Find "Piękna, złota, polska", then copy its line and every later line of the entries exactly through the end, leaving all pictures out.

═══ DATA PROVIDED ═══

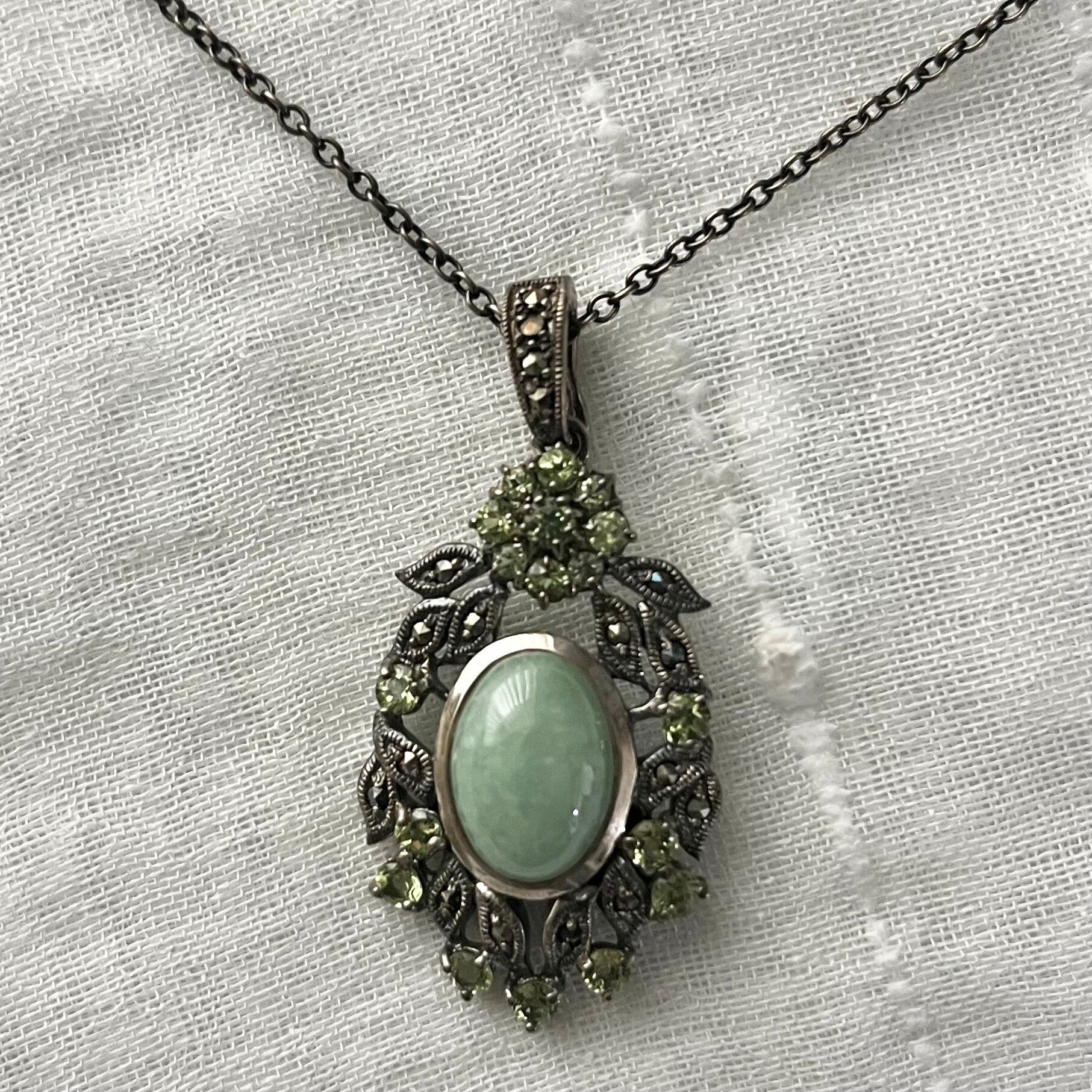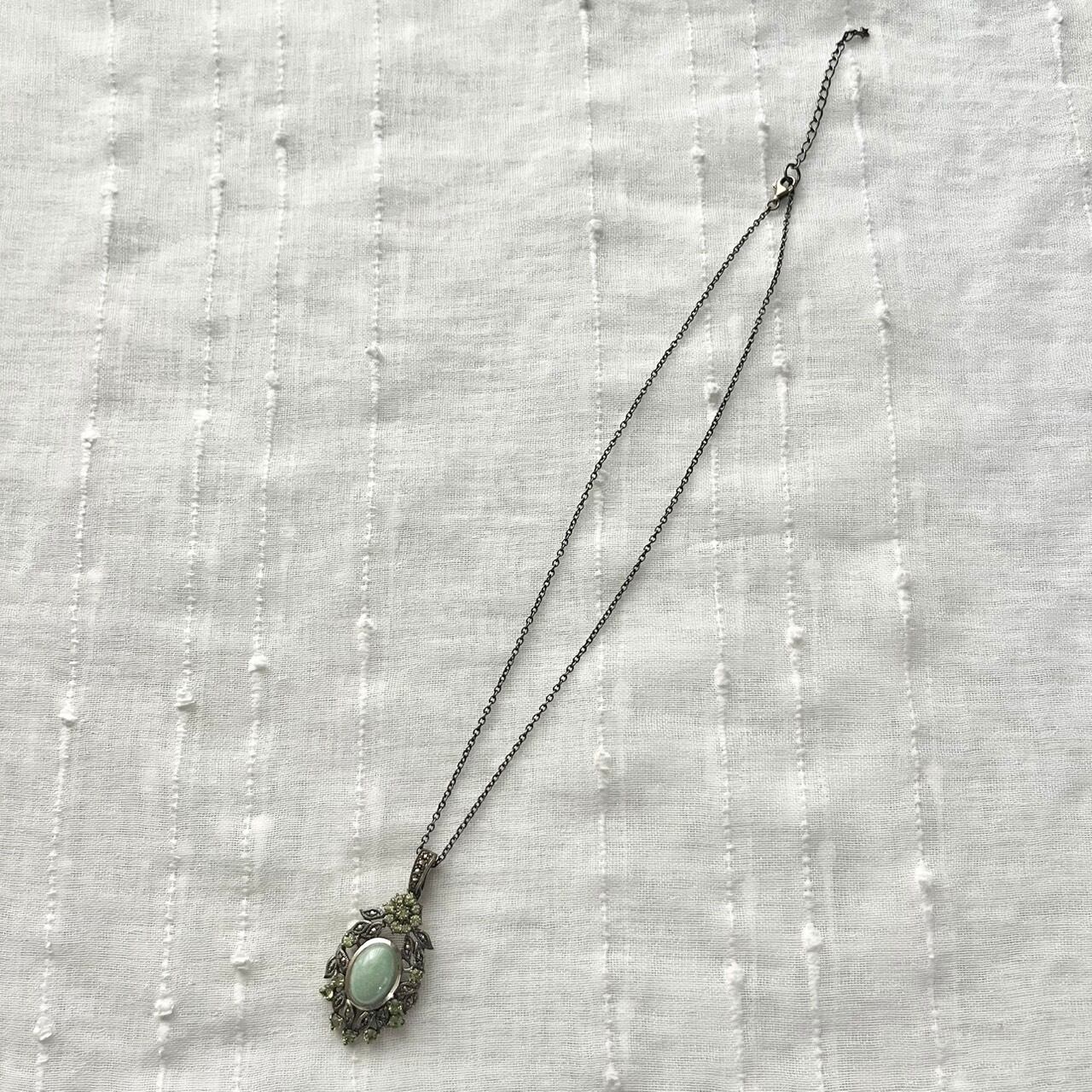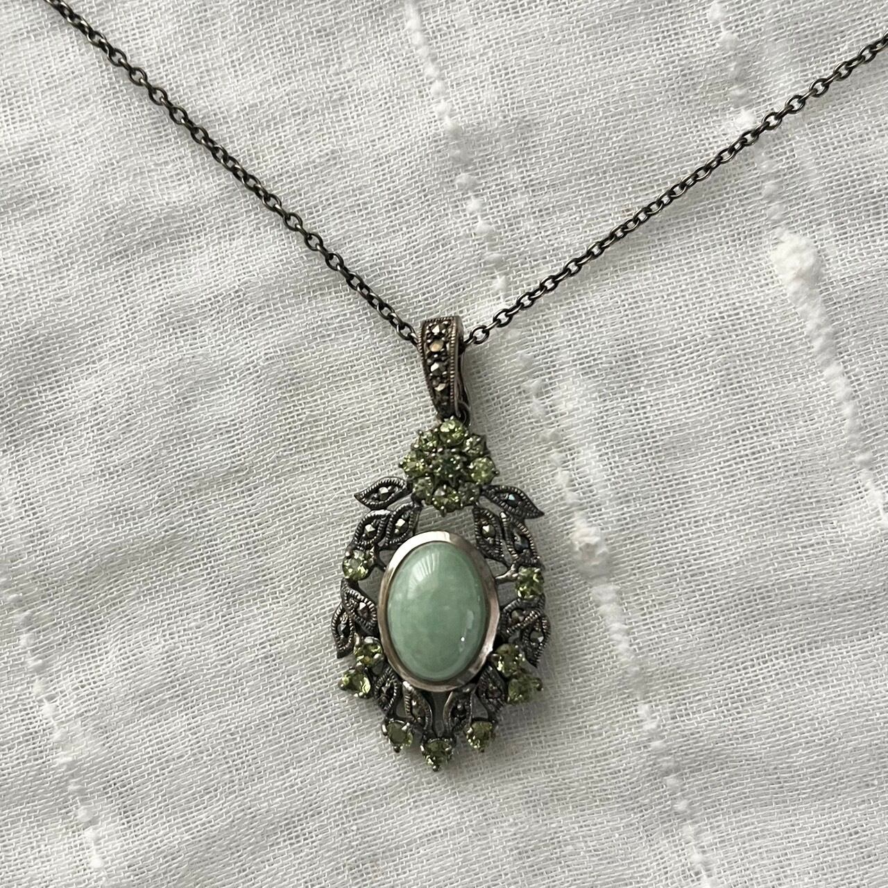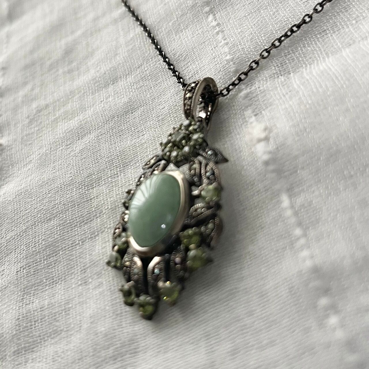 jade color stone and silver chain necklace KKVIRH40
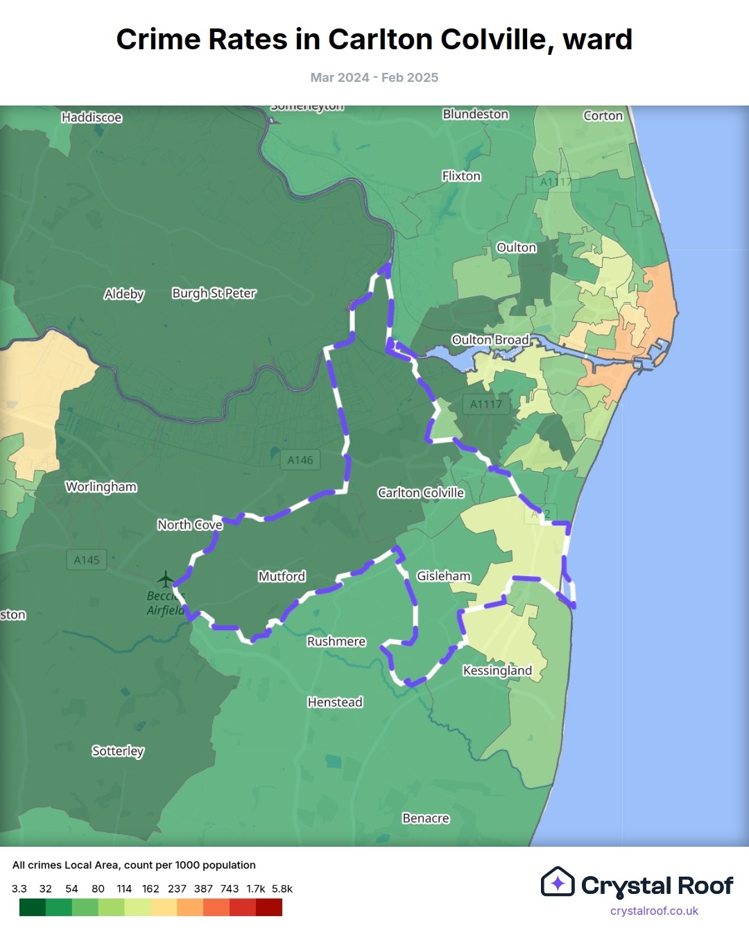 Carlton Colville, (ward) includes areas with the following crime ratings (see map):
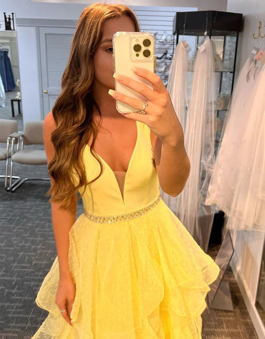 A-Line Tiered Ruffles Light Yellow Tulle Prom Dresses,BD930661
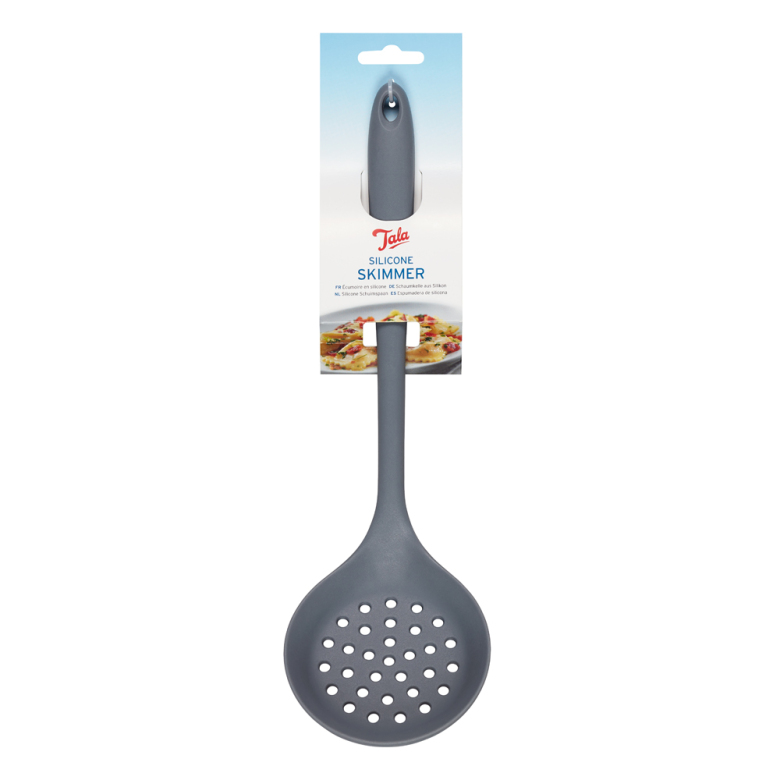 Tala Silkon Hålslev är perfekt för att skumma av sylt, buljonger och soppor! Har ett halkfritt grepp. Funkar även perfekt för att lyfta ur kött, fiskeller grönsaker ur kärl men ändå låta vätskan vara kvar i kärlet.
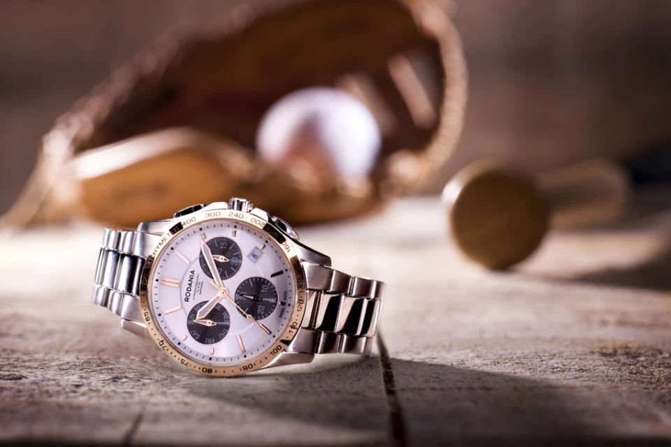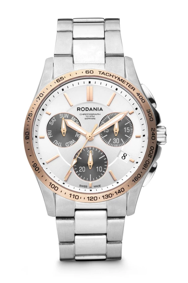 Ce chronographe de trente minutes avec trotteuse centrale, fonctions split et rattrapante dans une boîte acier de 41 millimètres à lunette tachymètre plaquée or rose est surmonté d’un verre saphir. Le cadran blanc nous offre 3 sous-cadrans gris foncés pour jour, trotteuse et minute de chrono ainsi qu’un guichet de date à 4 heures. Un sobre bracelet acier à boucle déployante complète cette montre étanche à 100 mètres.
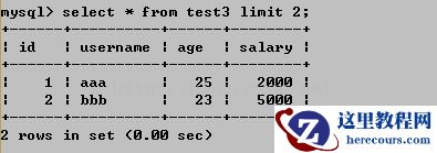 上图中的0,代表查询的开始位置,也可以理解为跳过的数量;上图中的2代表需要查询出的数量。这个表中有3条数据,因为限制了条数为2,因此实际结果只是两条。另外,这里的初始位置是0,实际上可以不写,默认就是0:
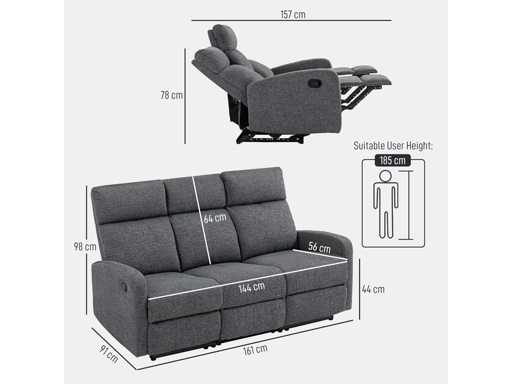 Dimensions du fauteuil inclinable : Dimensions en position assise : 161 cm (L) x 91 cm (P) x 98 cm (H) ; Dimensions en position couchée : 161 cm (L) x 157 cm (P) x 78 cm (H) ; Distance du mur (position allongée) : 45 cm ; Charge maximale : 120 kg (par siège). Appuyez sur le repose-pieds avec le talon jusqu’à ce qu’il se verrouille.
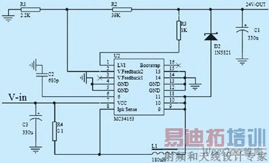 输出电压V-out=Vref(R2/R1+1)=1.25×(R2/R1+1),R1=2.2KΩ,R2根据输出需要计算其值的大小。图3中R4即为Rsc,为峰值电流检测电阻,Rsc的阻值越大,允许的峰值电流越小。如果要扩大电流可外接NPN或PNP型开关晶体管可使输出电流达到3.0A。Rsc最小值由公式给出:Rsc(min)=0.25/Ipk(switch)=0.25V/3.4A=0.0735Ω。
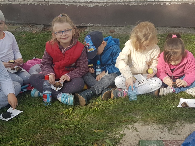 Piękna, złota, polska jesień zachęca nas do częstych zabaw na ogrodzie przedszkolnym. 18 października odbyło się Święto Pieczonego Ziemniaka. Wspólnie bawiły się wszystkie dzieci uczęszczające do naszego przedszkola. Były zawody w sadzenie i zbieranie ziemniaków, wyścig z rzutem ziemniakiem do wiaderka, a także wyścig drużyn, kto szybciej zbierze ziemniaki. Były też zabawy ze śpiewem i zabawy integracyjne. Odbyło się także także stemplowanie ziemniakami. W tym dniu nie zabrakło też pieczonych ziemniaczków, które przygotowali dla przedszkolaków chętni tatusiowie.
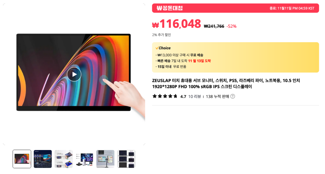 제우스랩의 휴대용 모니터 입니다. 요건 스크린은 10.5인치로 작지만 터치가 되는 모델이네요. 가격이 괜찮게 나온 것 같아 공유해봅니다.
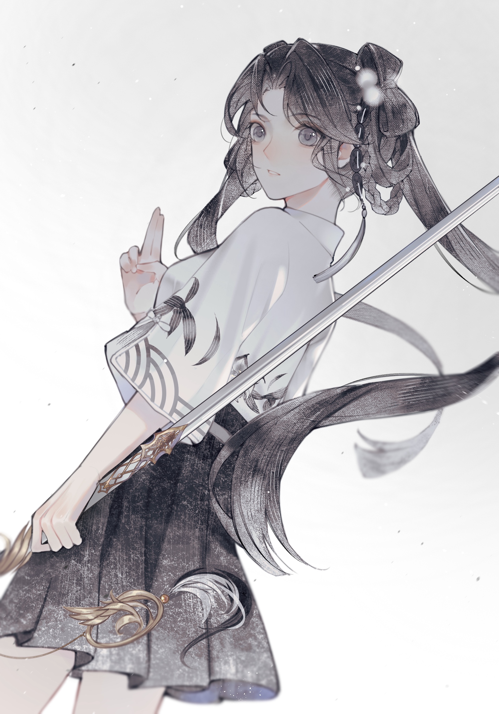 1girl bad_link bad_xiaohongshu_link black_hair black_skirt braid braided_hair_rings chinese_clothes closed_mouth cowboy_shot grey_eyes hair_ornament hair_rings hanfu highres holding holding_sword holding_weapon index_finger_raised jian_(weapon) long_hair looking_at_viewer looking_back original parted_bangs shirt shuangyaji skirt solo sword twintails very_long_hair weapon white_background white_shirt zixia_bujiangying
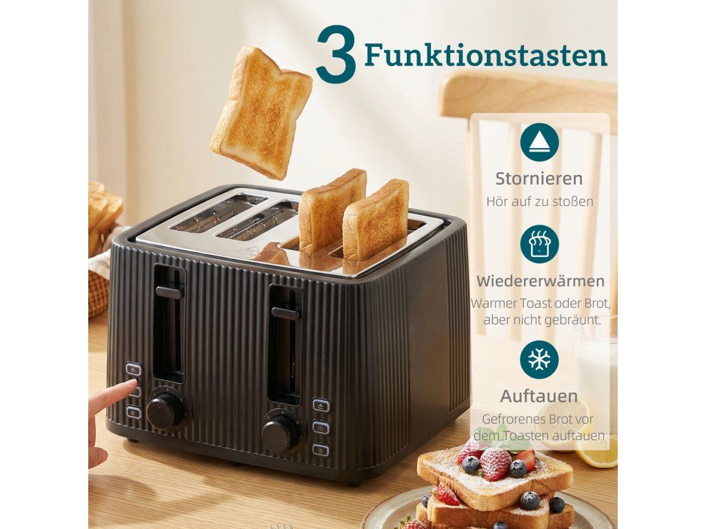 Rodinný toustovač na 4 plátky: Opékejte čtyři plátky najednou. Se 7 úrovněmi opečení, rozmrazováním, ohřevem, zrušením, vysouvacím designem a miskou na drobky pro snadné čištění. Ideální pro individuální opékání.

═══

WRITTEN SOLUTION |
 Piękna, złota, polska jesień zachęca nas do częstych zabaw na ogrodzie przedszkolnym. 18 października odbyło się Święto Pieczonego Ziemniaka. Wspólnie bawiły się wszystkie dzieci uczęszczające do naszego przedszkola. Były zawody w sadzenie i zbieranie ziemniaków, wyścig z rzutem ziemniakiem do wiaderka, a także wyścig drużyn, kto szybciej zbierze ziemniaki. Były też zabawy ze śpiewem i zabawy integracyjne. Odbyło się także także stemplowanie ziemniakami. W tym dniu nie zabrakło też pieczonych ziemniaczków, które przygotowali dla przedszkolaków chętni tatusiowie.
 제우스랩의 휴대용 모니터 입니다. 요건 스크린은 10.5인치로 작지만 터치가 되는 모델이네요. 가격이 괜찮게 나온 것 같아 공유해봅니다.
 1girl bad_link bad_xiaohongshu_link black_hair black_skirt braid braided_hair_rings chinese_clothes closed_mouth cowboy_shot grey_eyes hair_ornament hair_rings hanfu highres holding holding_sword holding_weapon index_finger_raised jian_(weapon) long_hair looking_at_viewer looking_back original parted_bangs shirt shuangyaji skirt solo sword twintails very_long_hair weapon white_background white_shirt zixia_bujiangying
 Rodinný toustovač na 4 plátky: Opékejte čtyři plátky najednou. Se 7 úrovněmi opečení, rozmrazováním, ohřevem, zrušením, vysouvacím designem a miskou na drobky pro snadné čištění. Ideální pro individuální opékání.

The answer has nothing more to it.